Erich Kirchler: Schenken löst angenehme Gefühle – „warm glow“ – beim Schenkenden aus. Schenken kann auch Aufmerksamkeit, Zuneigung, Anerkennung oder Dankbarkeit signalisieren. Beschenkte freuen sich über die Aufmerksamkeit und erleben recht unmittelbar den Drang, nicht nur dankbar zu sein, sondern sich auch erkenntlich zu zeigen.
Kann ein Geschenk also auch nur Kalkül sein, um das Gegenüber in eine Art Bringschuld zu drängen?
Das Gesetz der Reziprozität – also auf ein Geschenk mit einem Geschenk zu antworten – gilt universell. Schenkende können dabei übertreiben und den ursprünglichen Sinn des Schenkens pervertieren. Je nach Beziehung zwischen Schenkenden und Beschenkten können zu große Geschenke Verlegenheit oder den Druck auslösen, ebenso „großzügig“ sein zu müssen. Geschenke können aber auch Frustration auslösen, wenn klar wird, dass nicht auf die Bedürfnisse eingegangen wird oder aus Routine ein Verlegenheitsgeschenk angeboten wird.

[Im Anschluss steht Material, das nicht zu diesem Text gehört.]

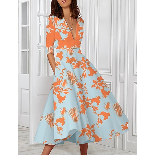 Linea ad A Lunghezza Tè Abiti da Cocktail Elegante Manica 3/4 Scollo a V Festa in giardino Matrimonio Raso con Stampa floreale

Gibt es die ideale Anzahl an Geschenken?
Dass eine bestimmte Anzahl von Geschenken die ideale ist und größte Zufriedenheit auslöst, bezweifle ich und nehme ich nicht als generelle Regel an. Allerdings sieht man bei Kindern, dass zu viele Geschenke sie leicht überfordern und das erlebte Glück nicht mit der Anzahl der Geschenke steigt. Ähnlich ist es, wenn wir zwischen Optionen wählen können und Entscheidungen treffen: Zu viele Alternativen, zu viele verschiedene Angebote erhöhen allenfalls die Ratlosigkeit, aber nicht die Zufriedenheit.
Kritiker wenden ein, vom ritualisierten Schenken profitiere ohnehin nur der Handel, dem individuellen Seelenheil bringe es wenig.
Zweifellos beschert das weihnachtliche Geschenkszeremoniell dem Handel hohe Gewinne. Aber selbstverständlich haben auch Einzelne ihre angenehmen Gefühle und zwischenmenschlichen Freuden, wenn sie die Idee des Schenkens nicht aus den Augen verlieren und Zeit finden, sich mit den Beschenkten und deren Wünschen zu befassen, und schließlich erleben, dass sich Beschenkte aufrichtig freuen.
„Schenken macht die Seele weit“, heißt es. Wie sehr bremst die „Geiz ist geil“-Mentalität diese Öffnungsperspektive?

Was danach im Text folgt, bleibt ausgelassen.